- Exercise -
Please repeat exactly the lines below from the line with "北青報記者發(fā)現(xi" to the line with "показувати конкретні цифри.", including both, and leave out every picture.

- Dataset extract -
┌────────
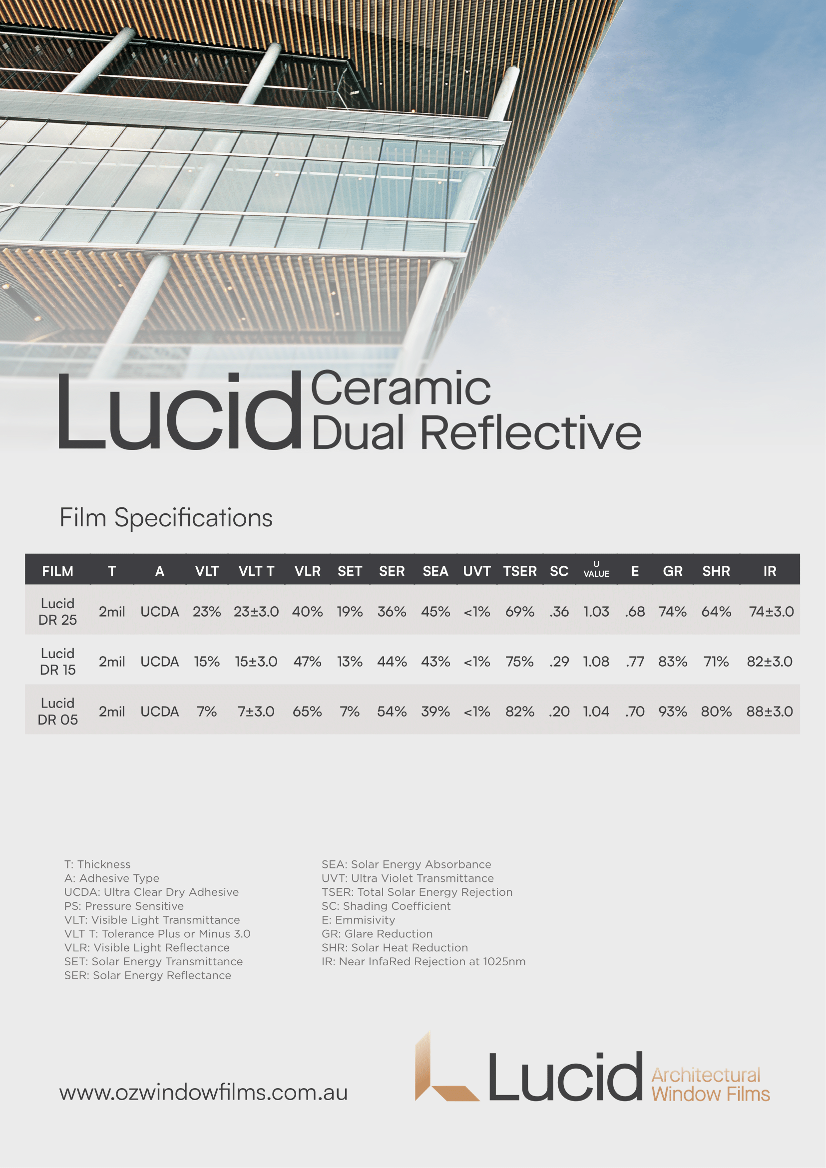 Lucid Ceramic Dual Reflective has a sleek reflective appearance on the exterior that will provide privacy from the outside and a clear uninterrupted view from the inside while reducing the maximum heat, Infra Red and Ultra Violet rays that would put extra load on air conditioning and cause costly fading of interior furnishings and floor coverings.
└────────
┌────────
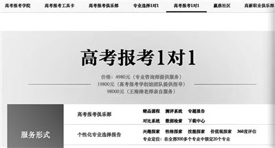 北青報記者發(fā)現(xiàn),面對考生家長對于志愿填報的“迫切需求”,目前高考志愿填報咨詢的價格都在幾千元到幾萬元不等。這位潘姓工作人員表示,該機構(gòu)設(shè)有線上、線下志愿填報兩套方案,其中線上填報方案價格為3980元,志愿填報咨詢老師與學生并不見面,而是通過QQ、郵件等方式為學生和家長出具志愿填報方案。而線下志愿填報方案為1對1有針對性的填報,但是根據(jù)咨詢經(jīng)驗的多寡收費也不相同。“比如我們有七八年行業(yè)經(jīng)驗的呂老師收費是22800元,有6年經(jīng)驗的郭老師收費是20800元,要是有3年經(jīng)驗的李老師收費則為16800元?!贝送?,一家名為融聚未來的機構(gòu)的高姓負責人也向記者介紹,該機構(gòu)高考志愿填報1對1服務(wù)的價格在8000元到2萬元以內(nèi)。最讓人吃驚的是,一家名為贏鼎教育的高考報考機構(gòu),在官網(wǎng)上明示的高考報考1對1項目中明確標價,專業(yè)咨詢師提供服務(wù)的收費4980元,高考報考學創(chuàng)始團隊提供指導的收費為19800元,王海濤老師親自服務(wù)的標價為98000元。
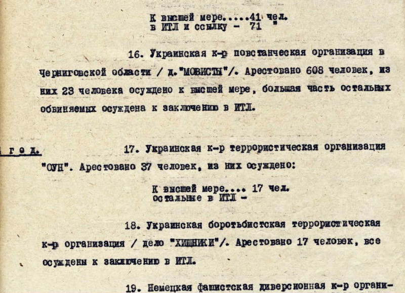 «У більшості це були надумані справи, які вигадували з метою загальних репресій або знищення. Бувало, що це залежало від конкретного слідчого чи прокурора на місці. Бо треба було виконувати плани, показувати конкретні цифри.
└────────
- Your solution -
 北青報記者發(fā)現(xiàn),面對考生家長對于志愿填報的“迫切需求”,目前高考志愿填報咨詢的價格都在幾千元到幾萬元不等。這位潘姓工作人員表示,該機構(gòu)設(shè)有線上、線下志愿填報兩套方案,其中線上填報方案價格為3980元,志愿填報咨詢老師與學生并不見面,而是通過QQ、郵件等方式為學生和家長出具志愿填報方案。而線下志愿填報方案為1對1有針對性的填報,但是根據(jù)咨詢經(jīng)驗的多寡收費也不相同。“比如我們有七八年行業(yè)經(jīng)驗的呂老師收費是22800元,有6年經(jīng)驗的郭老師收費是20800元,要是有3年經(jīng)驗的李老師收費則為16800元?!贝送?,一家名為融聚未來的機構(gòu)的高姓負責人也向記者介紹,該機構(gòu)高考志愿填報1對1服務(wù)的價格在8000元到2萬元以內(nèi)。最讓人吃驚的是,一家名為贏鼎教育的高考報考機構(gòu),在官網(wǎng)上明示的高考報考1對1項目中明確標價,專業(yè)咨詢師提供服務(wù)的收費4980元,高考報考學創(chuàng)始團隊提供指導的收費為19800元,王海濤老師親自服務(wù)的標價為98000元。
 «У більшості це були надумані справи, які вигадували з метою загальних репресій або знищення. Бувало, що це залежало від конкретного слідчого чи прокурора на місці. Бо треба було виконувати плани, показувати конкретні цифри.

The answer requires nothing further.